From the entries below, write out exactly the lines between the line holding "Dung dịch làm" and the line holding "Combine wet and", inclusive, excluding any pictures.

Start of Information supplied

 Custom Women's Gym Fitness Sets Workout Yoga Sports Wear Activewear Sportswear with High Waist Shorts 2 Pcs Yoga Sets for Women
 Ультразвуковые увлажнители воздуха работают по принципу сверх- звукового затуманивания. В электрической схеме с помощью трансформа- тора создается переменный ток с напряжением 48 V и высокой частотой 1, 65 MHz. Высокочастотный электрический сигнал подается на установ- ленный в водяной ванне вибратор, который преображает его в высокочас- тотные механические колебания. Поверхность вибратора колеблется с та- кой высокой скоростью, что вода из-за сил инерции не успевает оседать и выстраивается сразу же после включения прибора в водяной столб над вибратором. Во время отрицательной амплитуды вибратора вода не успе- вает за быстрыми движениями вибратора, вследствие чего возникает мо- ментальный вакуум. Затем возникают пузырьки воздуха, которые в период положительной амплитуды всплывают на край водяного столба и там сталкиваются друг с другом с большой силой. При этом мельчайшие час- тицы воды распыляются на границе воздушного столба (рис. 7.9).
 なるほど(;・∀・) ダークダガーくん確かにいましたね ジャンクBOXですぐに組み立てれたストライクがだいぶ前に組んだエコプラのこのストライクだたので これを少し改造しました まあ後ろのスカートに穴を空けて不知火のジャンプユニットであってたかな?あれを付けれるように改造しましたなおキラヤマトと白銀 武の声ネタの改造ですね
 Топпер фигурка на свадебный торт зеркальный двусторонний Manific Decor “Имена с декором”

End of Information supplied
Start of Information supplied

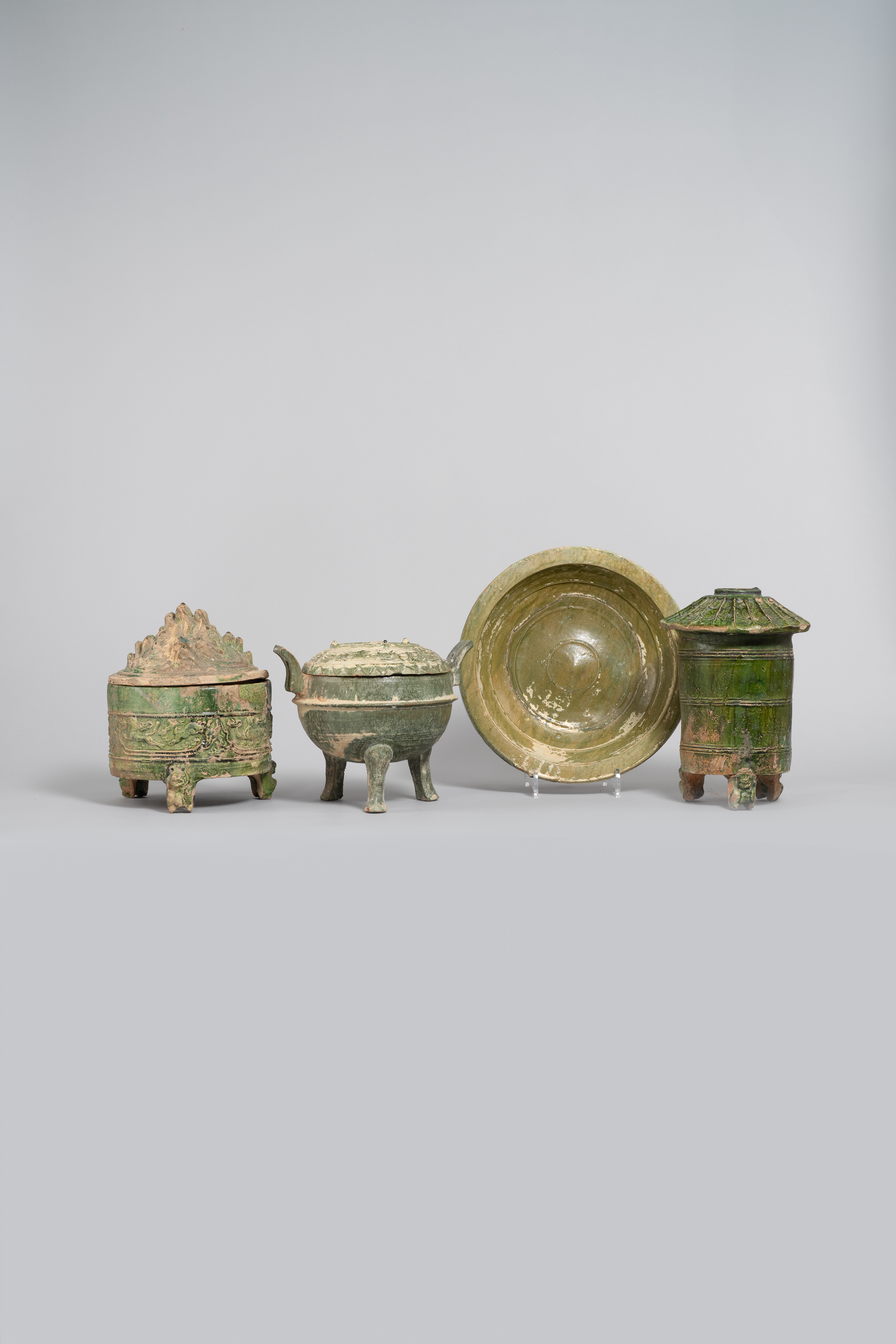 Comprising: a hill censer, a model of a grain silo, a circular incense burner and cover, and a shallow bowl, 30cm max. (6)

End of Information supplied
Start of Information supplied

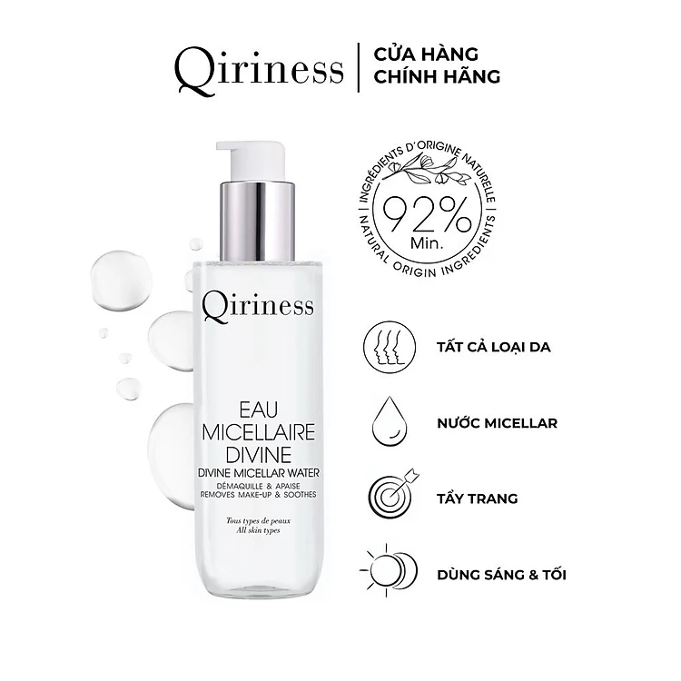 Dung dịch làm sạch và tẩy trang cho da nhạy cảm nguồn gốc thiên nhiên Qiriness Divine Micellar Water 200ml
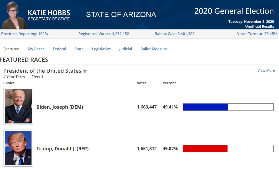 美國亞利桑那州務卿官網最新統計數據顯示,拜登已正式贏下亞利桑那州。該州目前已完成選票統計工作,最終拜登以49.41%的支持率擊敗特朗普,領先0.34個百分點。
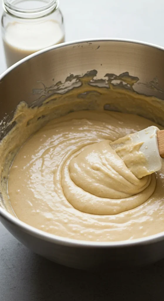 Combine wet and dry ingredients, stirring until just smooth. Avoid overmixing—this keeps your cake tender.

End of Information supplied

■ Response to the exercise ■
 Dung dịch làm sạch và tẩy trang cho da nhạy cảm nguồn gốc thiên nhiên Qiriness Divine Micellar Water 200ml
 美國亞利桑那州務卿官網最新統計數據顯示,拜登已正式贏下亞利桑那州。該州目前已完成選票統計工作,最終拜登以49.41%的支持率擊敗特朗普,領先0.34個百分點。
 Combine wet and dry ingredients, stirring until just smooth. Avoid overmixing—this keeps your cake tender.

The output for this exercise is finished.